As to relations as indicated by the numbers we have just a hint: -
"Attempts have been made in the same science," say M'Cosh & Dickie, in their work on "Typical Forms," "to form bodies into groups or congeners. M. Dumas, in particular, has detected a number of triads, or series of three bodies, which have analogous properties, and showing a singular numerical profession in their equivalent weights; the equivalents of two of these added together, and divided by two, giving approximately the equivalent of the third, thus: -

Chlorine 35 } Potassium 40 }
Bromine }80 Sodium }24
Iodine 125 } Lithium 7 }
Calcium 20 } Sulphur 16 }
Strontium }44 Selenium }40
Barium 69 } Tellurium 64 }

" 'Regarding,' says Faraday, 'chlorine, bromine, and iodine as one triad, it will be seen that between the first and the last there is recognizable a well-marked progression of qualities. Thus chlorine is a gas, under ordinary temperatures and pressures; bromine, a fluid; and iodine, a solid; in this manner displaying a progression in the difference of cohesive force. Again, chlorine is yellow; bromine, red; iodine, black, or in vapor, a reddish violet.' "

This glimmer of light seems to have well-nigh gone out. The atomic weight of some of these has been since doubled, and of others more or less changed. At the best, it carries us but a little way upon the road we seek. None the less sure is it that there is a numerical impress upon all nature.
"Indeed," says Sir John Herschel again, "it is a character of all the higher laws of nature to assume the form of a precise quantitative statement."

And Humboldt declares, -
"It may be said that the only remaining and widely diffused hieroglyphic characters still In our writing - numbers - appear to us again as powers of the cosmos, although in a wider sense than that applied to them by the Italian School."

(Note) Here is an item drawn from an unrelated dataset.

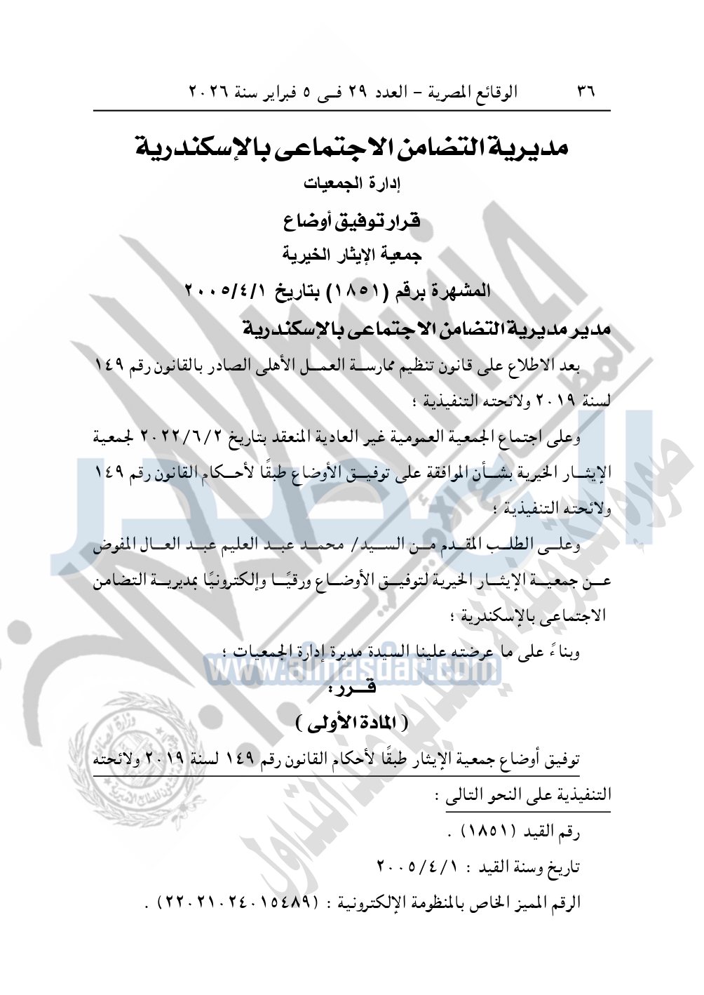 ونشرت الوقائع المصرية في العدد 29، بتاريخ 5 فبراير 2026، قرار مديرية التضامن الاجتماعي بالإسكندرية، بشأن توفيق أوضاع جمعية الإيثار الخيرية، المقيدة برقم "1851" بتاريخ 1-4-2005.

Much more might be said here, but it needs not to try more to establish what no science of the day will attempt to dispute. It is the meaning of admitted facts that we are seeking; and this is just what is so hard to reach. Save in their testimony to an Author of nature, they are yet dumb and unspiritual: how shall we spiritualize them? Is it not possible - yea, rather, may we not expect, that God has given us somewhere some clue to their interpretation, by which we may follow on to find ourselves more in the presence of the King? Nature seems to us as yet dumb, and God, if we own Him there, yet distant; where shall we find, then, the interpreter we seek, if not in Revelation?